Светлана Алешина - Месть за нелюбовь
— Ну, мою-то красавицу может разбудить только мартини, — не смутился Алексей, принимая все за шутку. — Или ты предпочитаешь поцелуй?
Он спрашивал смело, заранее будучи уверен в отрицательном ответе.
«Нет, он точно идиот, — рассердилась Алена. — Ладно, миленький мой, сам скоро будешь умолять, чтобы я тебя поцеловала!»
— Нет, конечно, мартини, — подыграла она ему, так быстро поднимаясь, что Алексей даже расхохотался, довольный успехом своей шутки.
— Я налью сама, ладно? — тоном хорошей девочки сказала она, кокетливо берясь за бутылку.
И, налив поровну в оба бокала, подняла высоко свой и продекламировала, бросая выразительные взгляды на Алексея:
— Пусть плачут те, кому мы не достались, пусть сдохнут те, кто нас не захотел!
— Ого, а что, такие бывают? — теперь невольно включаясь в ее игру, спросил Серебряков. — В это довольно трудно поверить!
— Ну почему же? — хмыкнула Алена. — А ты, например?
Допив одним глотком вермут, остававшийся в ее бокале, девушка приподнялась. С томным видом она опять схватила бутылку и наклонилась, подливая себе и Алексею, демонстрируя ему заодно все прелести своего декольте.
— Ну, я вообще-то никогда не против, — только и смог сказать Серебряков, полностью обезоруженный таким мастерским применением почти всех видов женского оружия. — Но вот жена…
— Какая жена? — удивилась Алена.
— Ирина, — поморщился Серебряков.
— Во-первых, она тебе не жена, — все так же вызывающе поглядывая на него, ответила Алена. — Во-вторых, жена в любом случае не стена — подвинется. И в-третьих, — неожиданно опять переходя на капризный тон маленькой девочки, закончила она, — я хочу просто с тобой потанцевать, можно?
— Ну конечно, — не смог отказать Алексей, обескураженный на сей раз железной логикой аргументов Алены.

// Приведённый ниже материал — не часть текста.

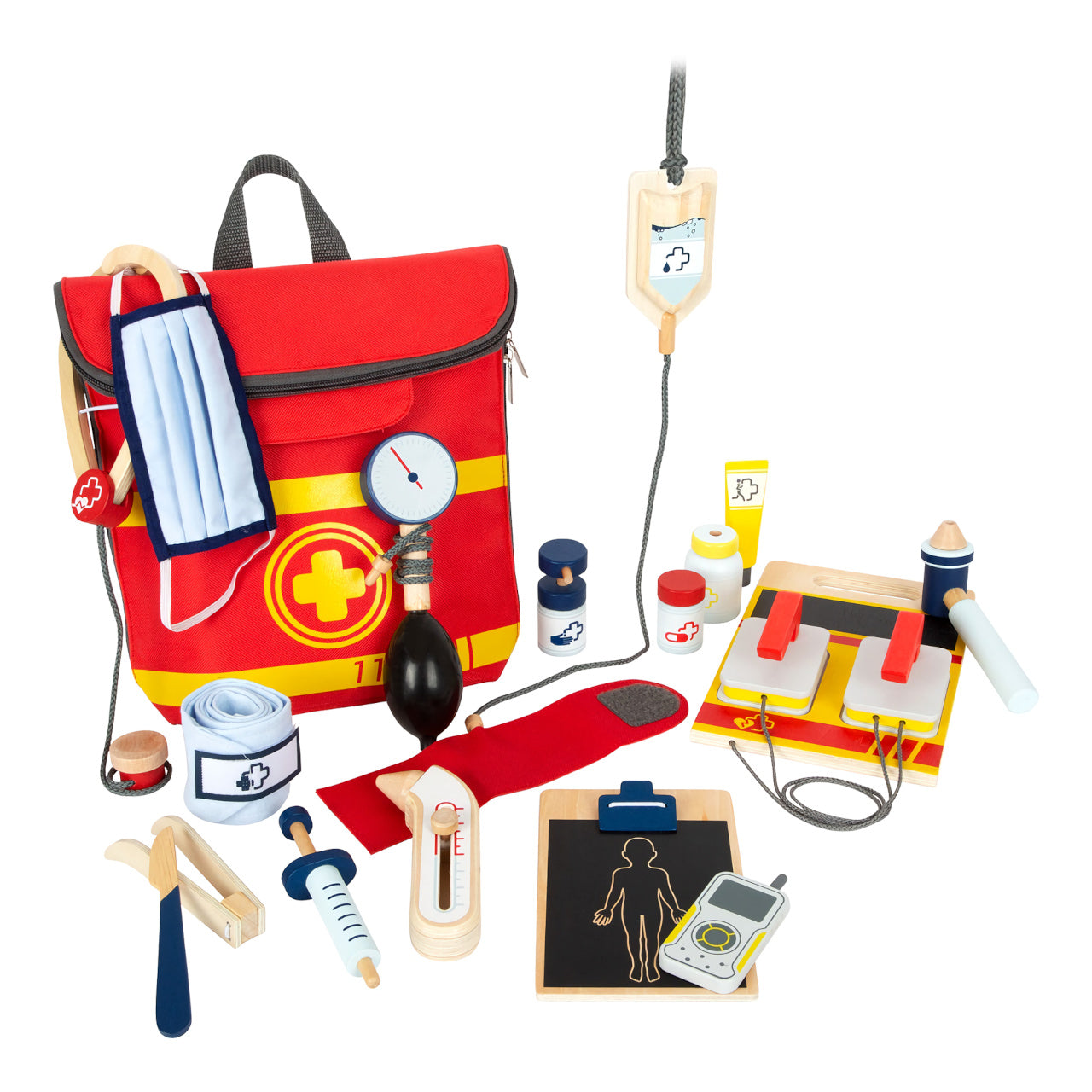 Vše pro naléhavé případy! Tento realistický batoh pro záchranáře má výrazné barvy, nastavitelné popruhy a mladí záchranáři v něm najdou všechny „opravdové“ lékařské pomůcky. Dvojitý zip a elastické kapsy uvnitř poskytují mnoho úložného prostoru a rychlý přístup k záchranářským nástrojům z pevného dřeva.

Он, лениво потягиваясь, встал с кровати, включил подходящую к такому случаю музыку и подошел к Алене.
Девушка, успев тем временем уже зачем-то занавесить окна, молча ждала его. Так же молча она склонила голову, отвечая на его безмолвное приглашение.
Две горячие руки нежно обняли шею Алексея, тихонько лаская ее. Молодое упругое тело осторожно прильнуло к нему, и Серебряков закрыл глаза.
Ее умелые ласки сводили его с ума, однако Алексей не хотел заходить слишком далеко. Конечно, интересно было бы поразвлечься с красавицей Аленой, но вот Каменская… Ей Алексей не изменял никогда, начиная с того дня, когда впервые лег с ней в постель. Хотя этот день и совпадал с днем знакомства с ней.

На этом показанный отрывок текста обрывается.